**Exercise requirements:** Because the pictures are not wanted, give back only the exact text of every entry below.

**Records shown:**
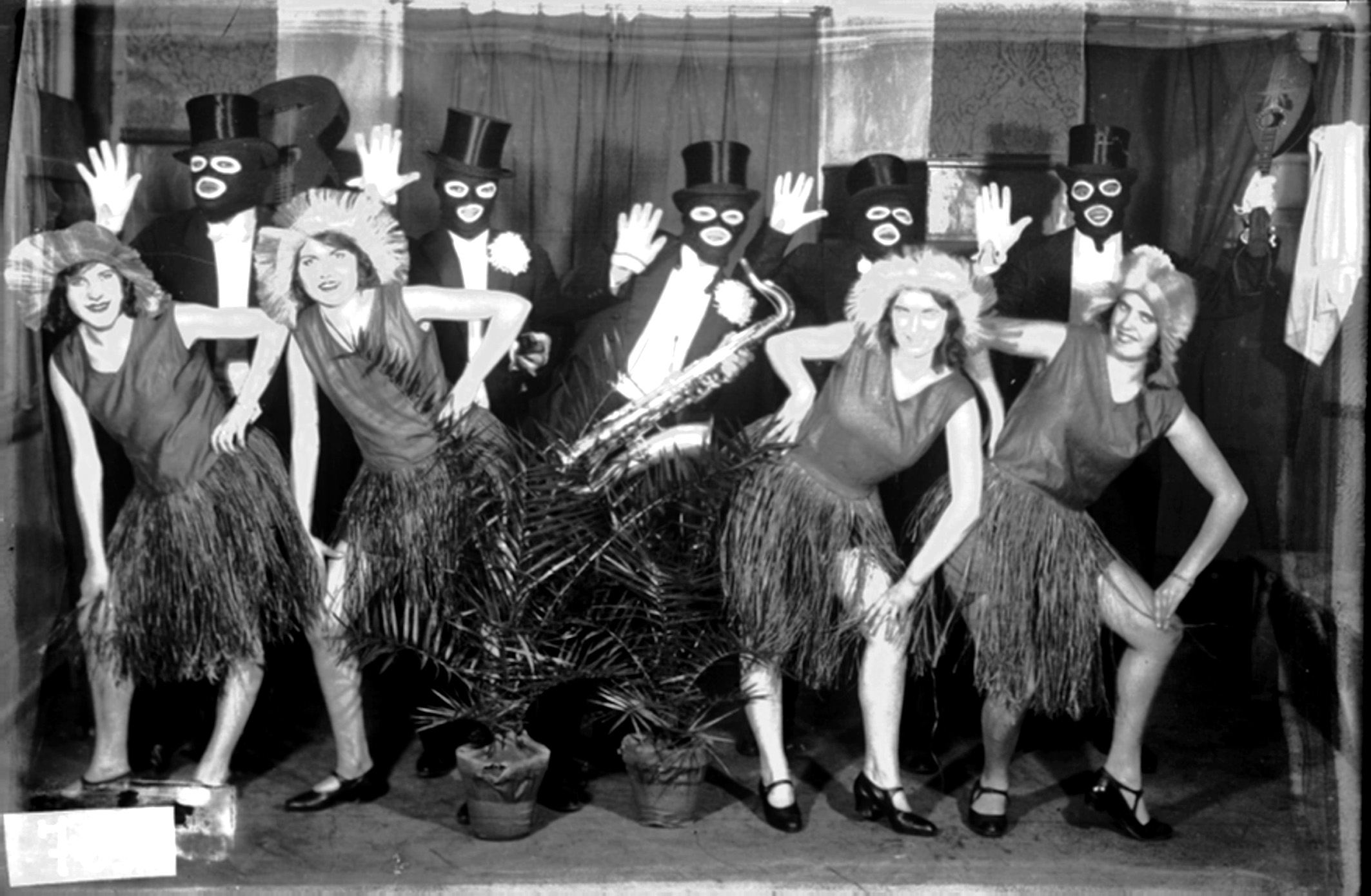 Mitte der zwanziger Jahre kam es zu einer kurzen Blüte der Lustbarkeiten, mit kürzeren Röcken, Bubiköpfen und neuen Freiheiten für die Frauen. Endlich waren sie ihre Rolle als schmückendes Beiwerk für die Herren los, wenn auch nur für kurze Zeit. Die Kapellen spielten Jazz, Foxtrott und Tango, der 1916 in Zürich gegründete Dadaismus inspirierte zu abenteuerlichen Kostümen. Vom Bürgertum wanderte die Fastnacht in die Arbeiterbewegung, ein Thurgauer Umzug in den 1920-er Jahren zeigt einen Radsportverein in toller Formation.
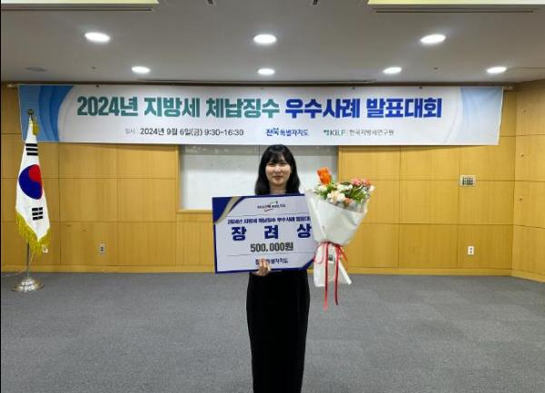 부안군은 지난 6일 전북특별자치도청에서 개최된 2024년 지방세 체납징수 우수사례 발표대회에서 재무과 이제인 주무관이 장려상을 수상했다고 밝혔다.
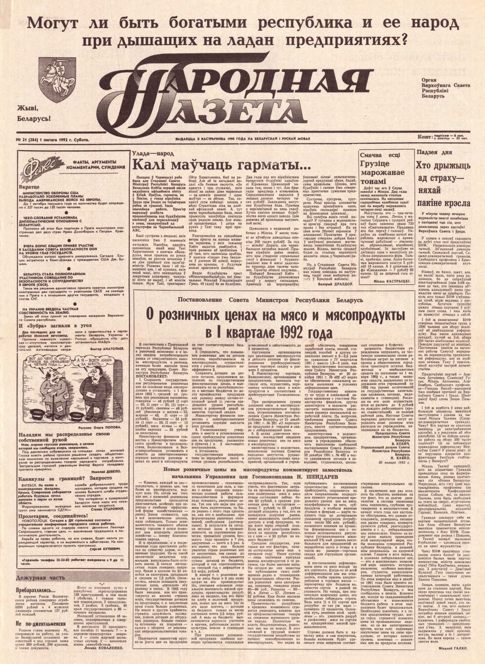 «Народная газета» — орган Вярхоўнага Савета Рэспублікі Беларусь. Выдавец: Адкрытае акцыянернае таварыства Народная газета. Выходзіць штодзённа, акрамя нядзелі і панядзелка, 250 разоў у год. Выдаецца з кастрычніка 1990 года на беларускай і рускай мовах. З 1990 па 1995 год пасаду галоўнага рэдактара «Народнай газеты» займаў Іосіф Сярэдзіч. З мая 1990 па студзень 1996 — дэпутат Вярхоўнага Савета XII склікання. Выданне займала ўмераную цэнтрысцкую пазыцыю, імкнучыся адлюстраваць палітычныя погляды большасці грамадзян. 17 сакавіка 1995 г. Указам № 113 Аляксандр Лукашэнка прызначыў галоўным рэдактарам «Народнай газеты» Мікалая Галко, не зважаючы на тое, што правам прызначаць галоўнага рэдактара сваёй уласнай газеты валодаў толькі Вярхоўны савет.
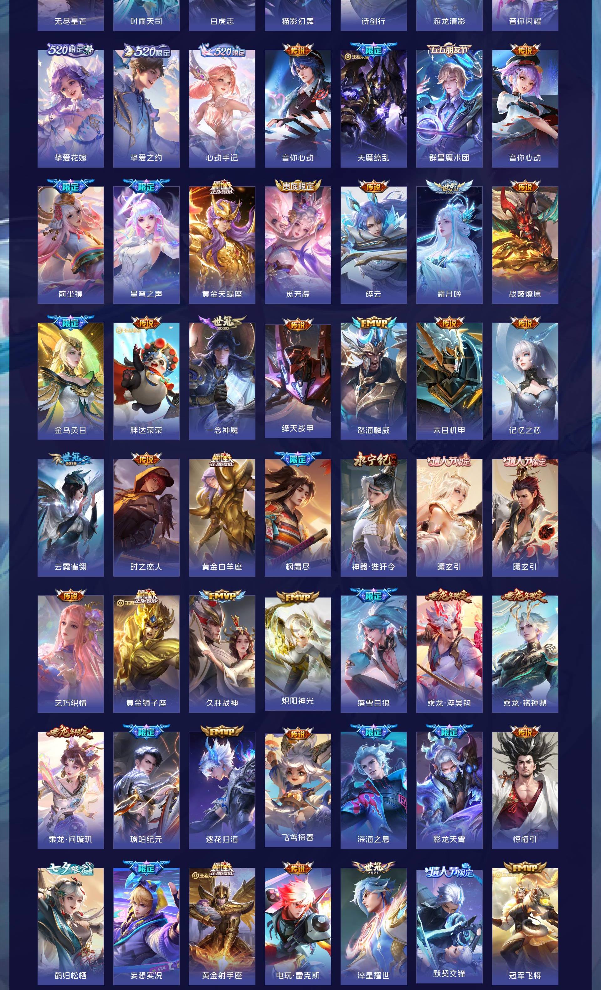 V9 皮肤567 英雄129 至尊星耀 荣耀典藏5 无双皮肤6 传说84 其他皮肤477
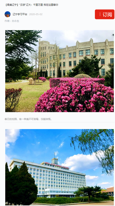 近日,“学习强国”免费成人直播学习平台以《“云游”辽大:千里万里 我在这里等你》为题,发布了我校教师白永生所拍摄的校园春景摄影作品,现将报道、截图等转载如下:
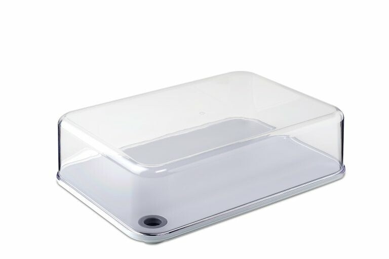 De grote Modula stolp van Mepal is voorzien van een uitneembare grijze snijplank en geeft direct zicht op de inhoud, ook in de koelkast! De transparante stolp zorgt voor een goede afsluiting, waardoor deze doos geschikt is voor het bewaren én presenteren van diverse etenswaren, zonder nare luchtjes. De Modula bewaar- en opbergdozen van Mepal zijn verkrijgbaar in verschillende maten en uitvoeringen, liggen goed in de hand en zijn makkelijk te openen. Bovendien zijn ze stapelbaar en vaatwasmachinebestendig. Hoe veeleisend u ook bent: Modula bewaardozen zijn erop berekend!
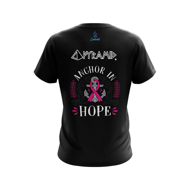 Stay 40% cooler with CoolWick. Our Pyramid Breast Cancer Anchor Fighter CoolWick Bowling Jerseys are made of two different fabrics with the back being our CoolWick technology fabric that helps wick moisture away and helps air flow more easily through the fibers.
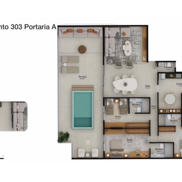 Quais são os tipos de apartamentos disponíveis no Merino? O Merino oferece apartamentos de 2 e 3 quartos com varandas amplas, além de coberturas com terraços privativos e opção de piscina. As unidades foram projetadas para oferecer conforto, integração dos ambientes e qualidade de vida no Jardim Oceânico.
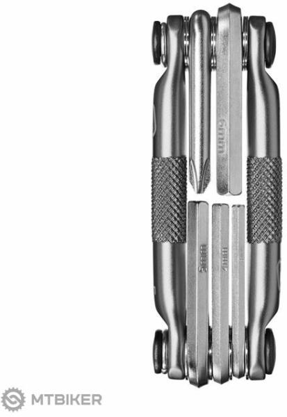 Könnyű, 10 funkciós szerszám. Súly: 124 g Hossz: 89 mm Anyaga: duralumínium 6061 t6 Szerszámok: nagy szilárdságú acél Imbuszkulcsok: 2 / 2,5 /3/4/5/6/ 8 mm Csavarhúzók: Phillips és lapos Torx kulcs : T25

**Output below:**
 Mitte der zwanziger Jahre kam es zu einer kurzen Blüte der Lustbarkeiten, mit kürzeren Röcken, Bubiköpfen und neuen Freiheiten für die Frauen. Endlich waren sie ihre Rolle als schmückendes Beiwerk für die Herren los, wenn auch nur für kurze Zeit. Die Kapellen spielten Jazz, Foxtrott und Tango, der 1916 in Zürich gegründete Dadaismus inspirierte zu abenteuerlichen Kostümen. Vom Bürgertum wanderte die Fastnacht in die Arbeiterbewegung, ein Thurgauer Umzug in den 1920-er Jahren zeigt einen Radsportverein in toller Formation.
 부안군은 지난 6일 전북특별자치도청에서 개최된 2024년 지방세 체납징수 우수사례 발표대회에서 재무과 이제인 주무관이 장려상을 수상했다고 밝혔다.
 «Народная газета» — орган Вярхоўнага Савета Рэспублікі Беларусь. Выдавец: Адкрытае акцыянернае таварыства Народная газета. Выходзіць штодзённа, акрамя нядзелі і панядзелка, 250 разоў у год. Выдаецца з кастрычніка 1990 года на беларускай і рускай мовах. З 1990 па 1995 год пасаду галоўнага рэдактара «Народнай газеты» займаў Іосіф Сярэдзіч. З мая 1990 па студзень 1996 — дэпутат Вярхоўнага Савета XII склікання. Выданне займала ўмераную цэнтрысцкую пазыцыю, імкнучыся адлюстраваць палітычныя погляды большасці грамадзян. 17 сакавіка 1995 г. Указам № 113 Аляксандр Лукашэнка прызначыў галоўным рэдактарам «Народнай газеты» Мікалая Галко, не зважаючы на тое, што правам прызначаць галоўнага рэдактара сваёй уласнай газеты валодаў толькі Вярхоўны савет.
 V9 皮肤567 英雄129 至尊星耀 荣耀典藏5 无双皮肤6 传说84 其他皮肤477
 近日,“学习强国”免费成人直播学习平台以《“云游”辽大:千里万里 我在这里等你》为题,发布了我校教师白永生所拍摄的校园春景摄影作品,现将报道、截图等转载如下:
 De grote Modula stolp van Mepal is voorzien van een uitneembare grijze snijplank en geeft direct zicht op de inhoud, ook in de koelkast! De transparante stolp zorgt voor een goede afsluiting, waardoor deze doos geschikt is voor het bewaren én presenteren van diverse etenswaren, zonder nare luchtjes. De Modula bewaar- en opbergdozen van Mepal zijn verkrijgbaar in verschillende maten en uitvoeringen, liggen goed in de hand en zijn makkelijk te openen. Bovendien zijn ze stapelbaar en vaatwasmachinebestendig. Hoe veeleisend u ook bent: Modula bewaardozen zijn erop berekend!
 Stay 40% cooler with CoolWick. Our Pyramid Breast Cancer Anchor Fighter CoolWick Bowling Jerseys are made of two different fabrics with the back being our CoolWick technology fabric that helps wick moisture away and helps air flow more easily through the fibers.
 Quais são os tipos de apartamentos disponíveis no Merino? O Merino oferece apartamentos de 2 e 3 quartos com varandas amplas, além de coberturas com terraços privativos e opção de piscina. As unidades foram projetadas para oferecer conforto, integração dos ambientes e qualidade de vida no Jardim Oceânico.
 Könnyű, 10 funkciós szerszám. Súly: 124 g Hossz: 89 mm Anyaga: duralumínium 6061 t6 Szerszámok: nagy szilárdságú acél Imbuszkulcsok: 2 / 2,5 /3/4/5/6/ 8 mm Csavarhúzók: Phillips és lapos Torx kulcs : T25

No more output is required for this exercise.